WHAT IS NEEDED
Wherever a picture sits, omit it. Output the rest of the listing exactly.

MATERIAL PROVIDED

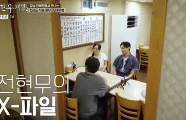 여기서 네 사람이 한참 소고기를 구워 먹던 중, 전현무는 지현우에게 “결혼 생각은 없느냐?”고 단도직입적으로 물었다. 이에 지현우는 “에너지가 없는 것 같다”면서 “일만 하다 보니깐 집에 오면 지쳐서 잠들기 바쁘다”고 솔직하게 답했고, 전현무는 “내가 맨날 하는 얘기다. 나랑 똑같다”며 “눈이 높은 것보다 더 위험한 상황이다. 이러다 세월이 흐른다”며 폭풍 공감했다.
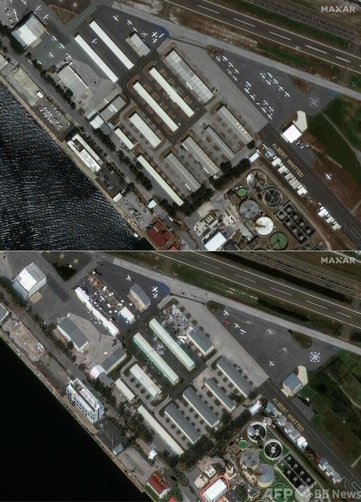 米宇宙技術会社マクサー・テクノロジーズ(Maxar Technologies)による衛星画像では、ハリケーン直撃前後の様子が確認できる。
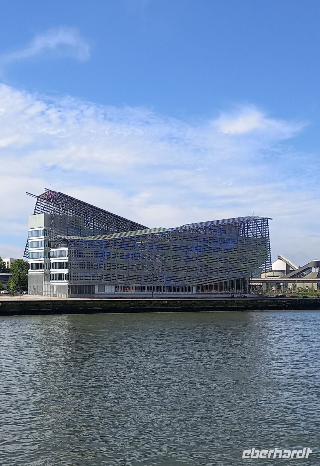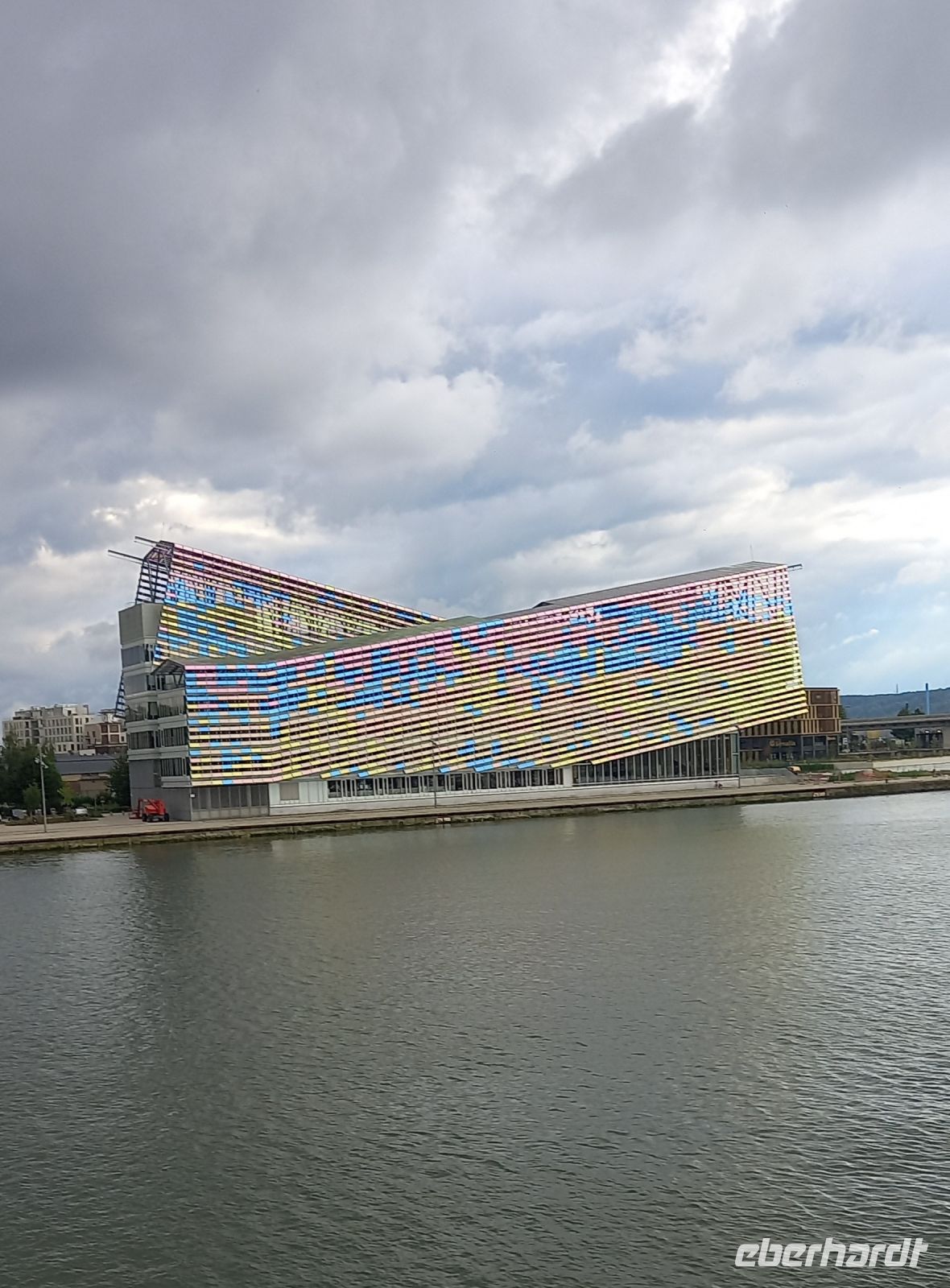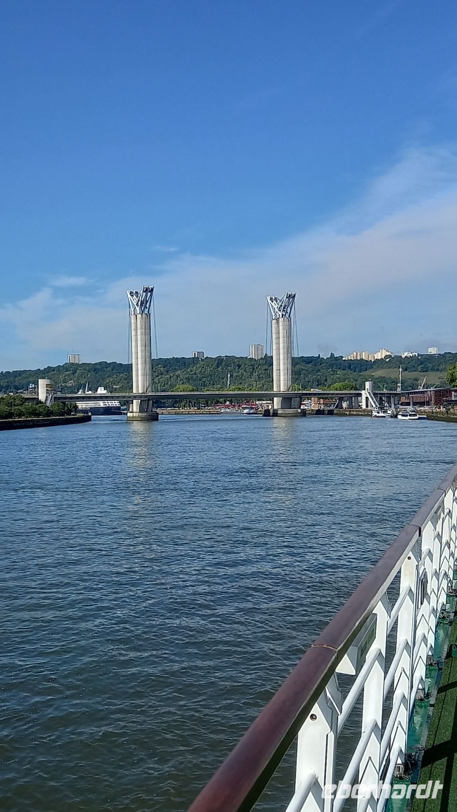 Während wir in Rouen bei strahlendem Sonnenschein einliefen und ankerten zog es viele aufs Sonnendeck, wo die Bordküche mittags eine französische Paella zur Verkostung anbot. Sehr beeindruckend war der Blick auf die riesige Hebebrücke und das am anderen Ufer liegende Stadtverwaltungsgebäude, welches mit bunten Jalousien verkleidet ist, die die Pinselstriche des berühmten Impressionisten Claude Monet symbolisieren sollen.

SOLUTION TO THIS EXERCISE
 여기서 네 사람이 한참 소고기를 구워 먹던 중, 전현무는 지현우에게 “결혼 생각은 없느냐?”고 단도직입적으로 물었다. 이에 지현우는 “에너지가 없는 것 같다”면서 “일만 하다 보니깐 집에 오면 지쳐서 잠들기 바쁘다”고 솔직하게 답했고, 전현무는 “내가 맨날 하는 얘기다. 나랑 똑같다”며 “눈이 높은 것보다 더 위험한 상황이다. 이러다 세월이 흐른다”며 폭풍 공감했다.
 米宇宙技術会社マクサー・テクノロジーズ(Maxar Technologies)による衛星画像では、ハリケーン直撃前後の様子が確認できる。
 Während wir in Rouen bei strahlendem Sonnenschein einliefen und ankerten zog es viele aufs Sonnendeck, wo die Bordküche mittags eine französische Paella zur Verkostung anbot. Sehr beeindruckend war der Blick auf die riesige Hebebrücke und das am anderen Ufer liegende Stadtverwaltungsgebäude, welches mit bunten Jalousien verkleidet ist, die die Pinselstriche des berühmten Impressionisten Claude Monet symbolisieren sollen.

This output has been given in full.